KsTU runs over ’30 programmes’ not accredited by GTEC – Report

The Kumasi Technical University (KsTU) formerly known as Kumasi Polytechnic according to the 2021 Auditor General’s Report is running 32 programmes not accredited by the Ghana Tertiary Education Commission (GTEC).
They include five Master of Technology programmes, nine Bachelor of Technology programmes, 17 Higher National Diploma (HND) programmes and one Diploma programme.
The more than 30 unaccredited programmes came to light when the Public Accounts Committee (PAC) of Parliament began its sitting to consider the 2021 academic year Auditor General’s Report referred to the committee.
The PAC said institutions running unaccredited programmes was an issue that affected students negatively when they later applied to pursue higher programmes at other universities.
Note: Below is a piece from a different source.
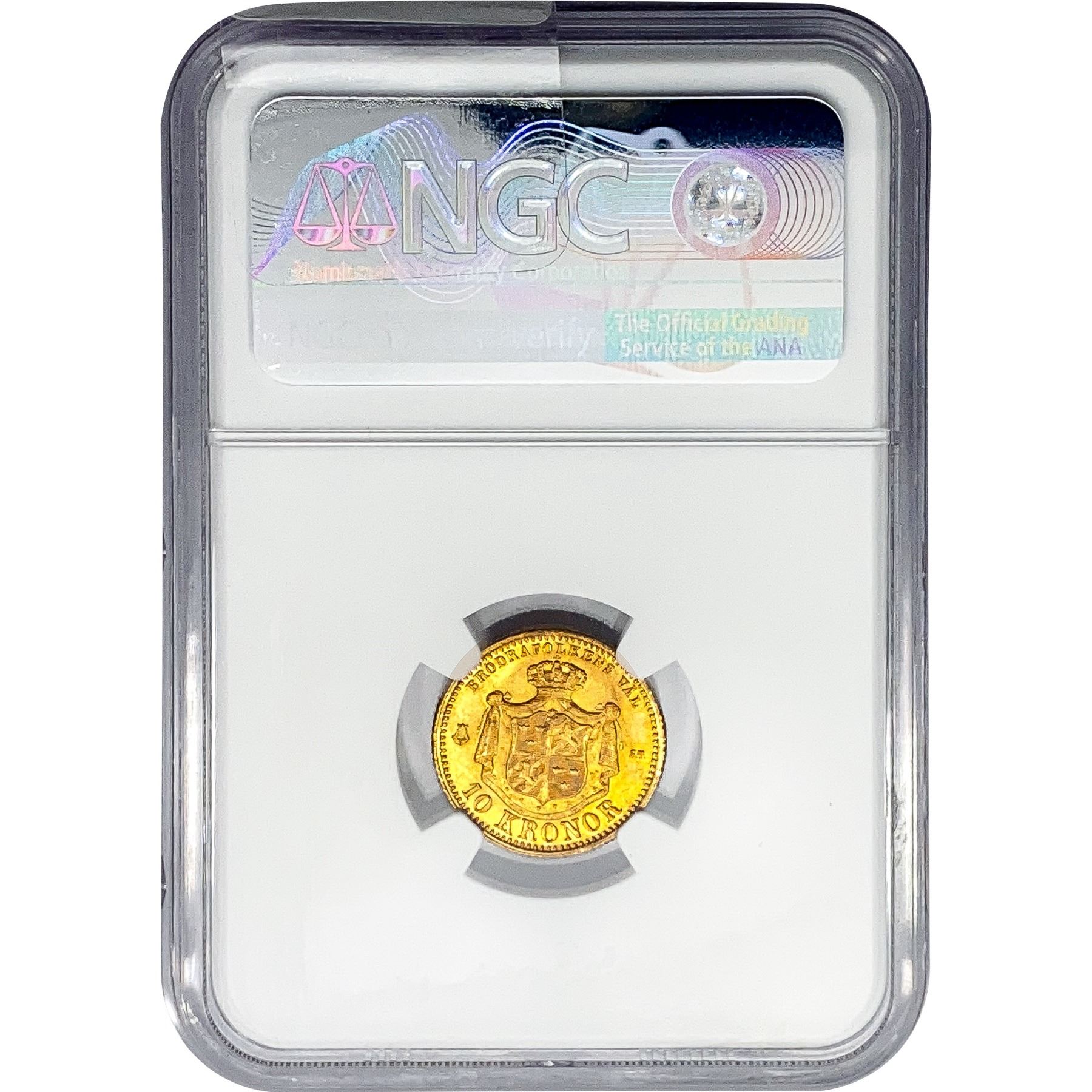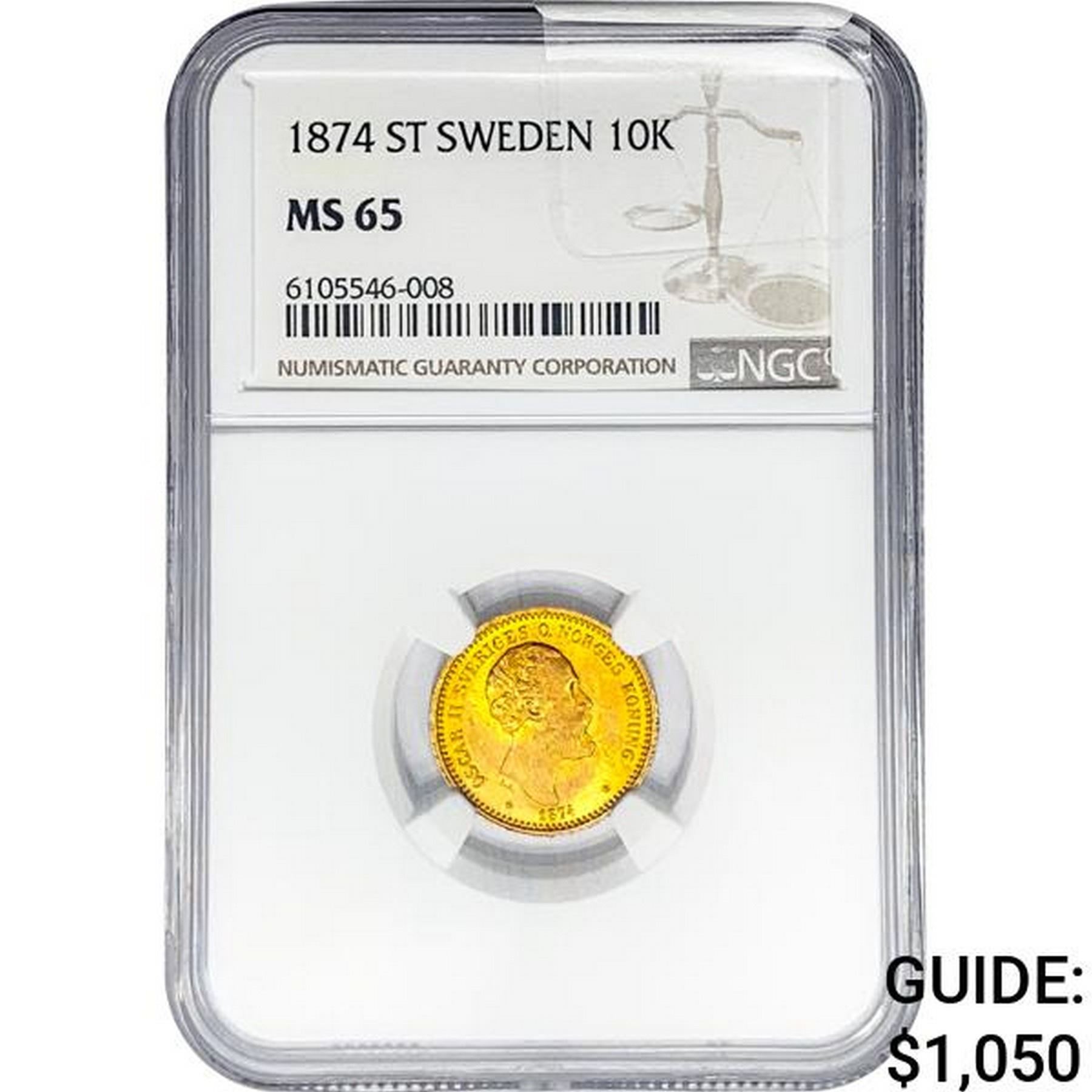 1874 .1296oz. Gold ST Sweden 10 Kroner NGC MS65

The Accounts Committee therefore has urged the Ghana Tertiary Education Commission (GTEC) to consider implementing automatic renewals for ongoing programmes, and to speed up their entire processes.
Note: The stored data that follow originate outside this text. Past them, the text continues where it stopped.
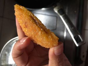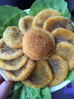 收口然后放掌心里拍扁,放面包糠里滚一滚,弄了太多一次吃不完可以把生胚放冰箱冷冻,以后想吃随时可以拿出来一炸。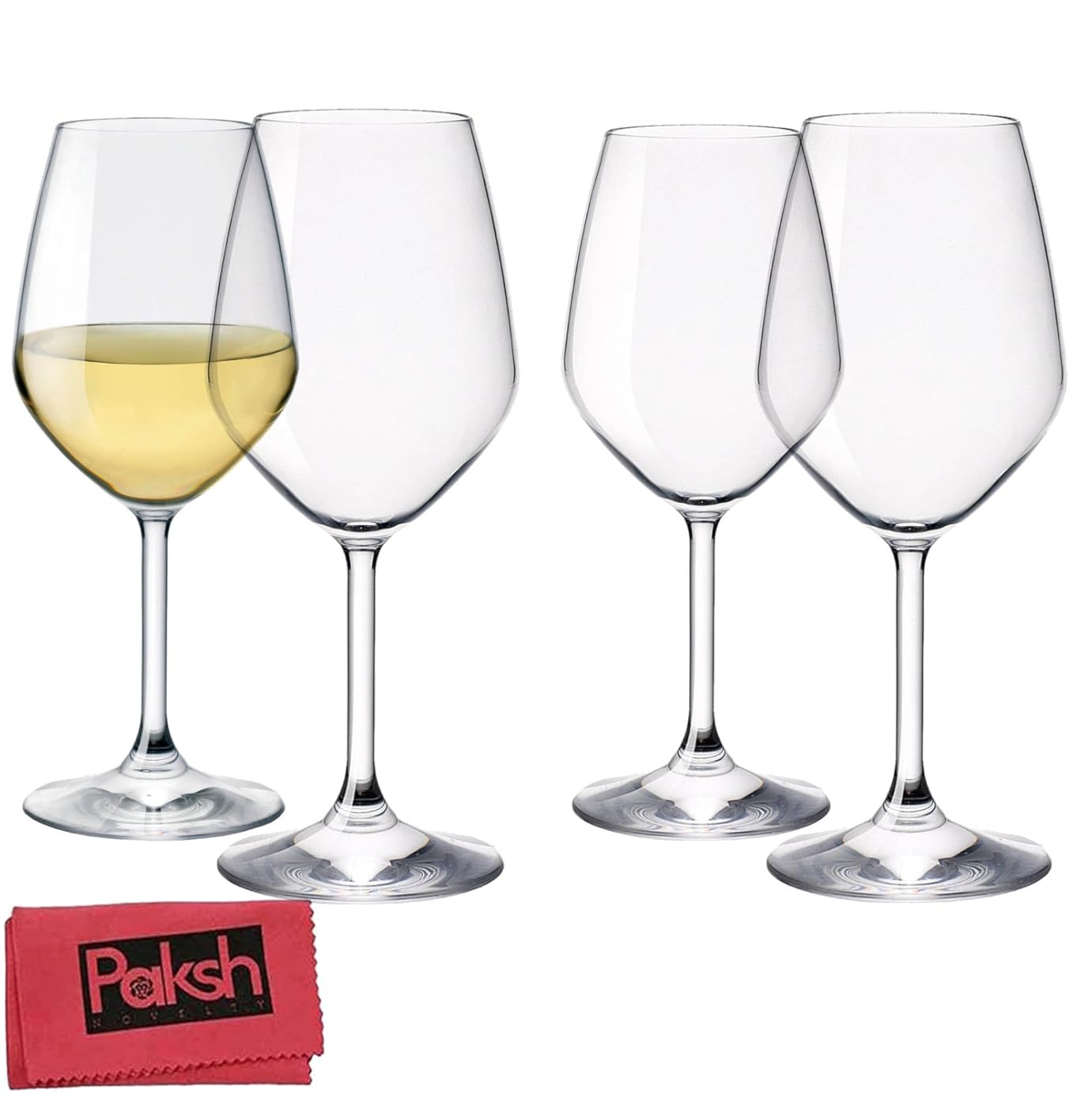 • The Drinking Bundle - Italian-Crafted Glass Restaurant White Wine Glasses Dishwasher Safe, 18-Ounce, Set of 4 - Bundled With Cloth is a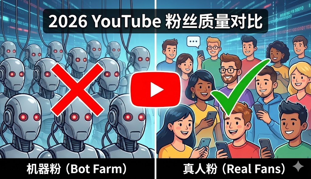在2026年的今天,YouTube的算法比以往任何时候都更加聪明,也更加无情。对于新账号来说,面对“零订阅、零播放”的冷启动期,那种无力感是真实的。你可能拥有充足的内容,但如果没有最初的YouTube真人粉丝作为社交证明,路人观众甚至不会点击你的主页。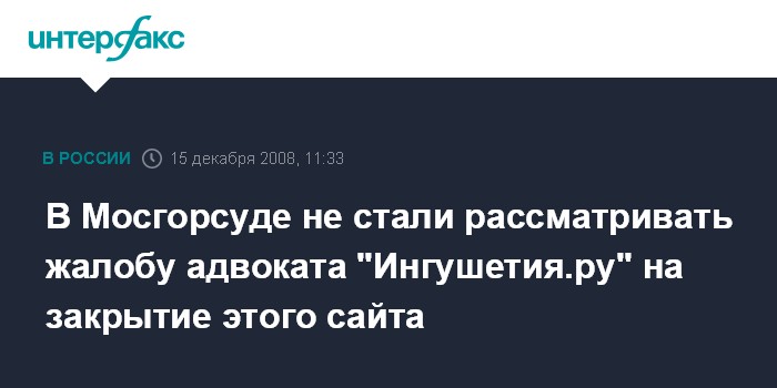 Москва. 15 декабря. INTERFAX.RU - Надзорная инстанция Мосгорсуда не стала рассматривать жалобу представителей сайта "Ингушетия.ру" на решение о прекращении деятельности портала.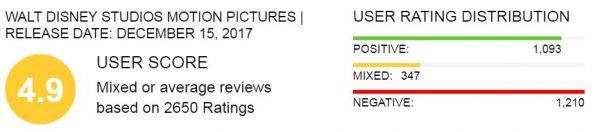 然而,電影公映之后,局勢卻發(fā)生了出人意料的逆轉(zhuǎn)。全美各地的星戰(zhàn)迷滿懷憧憬的走進電影院,但結(jié)束時卻面面相覷一臉懵。接著各大電影評分網(wǎng)站上,《星戰(zhàn)8》的觀眾評分開始雪崩般的下滑,同樣是在“爛番茄”網(wǎng)站,在光芒萬丈的影評人打分旁,網(wǎng)友觀眾給出不到60的分數(shù),格外刺眼。而觀眾評論里,褒貶評價的分布呈現(xiàn)出一個兩極分化的C形:好評和差評幾乎各占一半,一般的評價反而相對稀缺。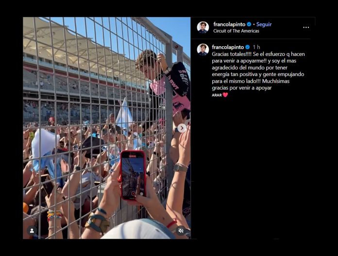 El joven de Pilar publicó en sus redes sociales un mensaje de gratitud: “Gracias totales!!!! Sé el esfuerzo que hacen para venir a apoyarme!! Y soy el más agradecido del mundo por tener energía tan positiva y gente empujando para el mismo lado!!! Muchísimas gracias por venir a apoyar”, expresó Colapinto en su cuenta de Instagram, acompañado por banderas argentinas y emojis de corazón.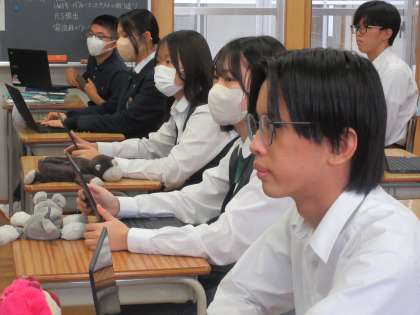 道徳で取り扱う内容項目に【我が国の伝統と文化の尊重】というものがあります。それと関連させた授業で、修学旅行(班行動)についてまとめたスライドの発表会を行っていました。

Public Accounts Committee (PAC) of Parliament also charged the commission to embark on regular monitoring to find out how accreditation was implemented in the universities to avoid setbacks for prospective students.
However, the management of the Ashanti region-based Technical University responding to the Committee said the university was doing everything possible to get the 32 programmes accredited by the Tertiary Education Commission.
“Currently, 16 of them had been accredited, while the other 16 programmes were at various stages of the accreditation process. The accreditation process could take between six months and one year,” the KsTU management told PAC.
The Chairman of the PAC, Dr James Klutse Avedzi, said the Public Committee would invite the GTEC and the universities to find a solution to problems related to the delay in renewing or granting accreditation.
“There is the need to bring the two bodies together to look at where the problem is and how we can address it, so we don’t examine students on courses and programmes that don’t have accreditation,” he said.
Dr Avedzi said the issue of running unaccredited programmes at the universities was not limited to the Kumasi Technical University (KsTU), but that it was a common phenomenon across the traditional universities in the country.
He said both the universities and the Ghana Tertiary Education Commission (GTEC) were partly to be blamed for the delay in the granting of accreditation to the programmes being run by the institutions.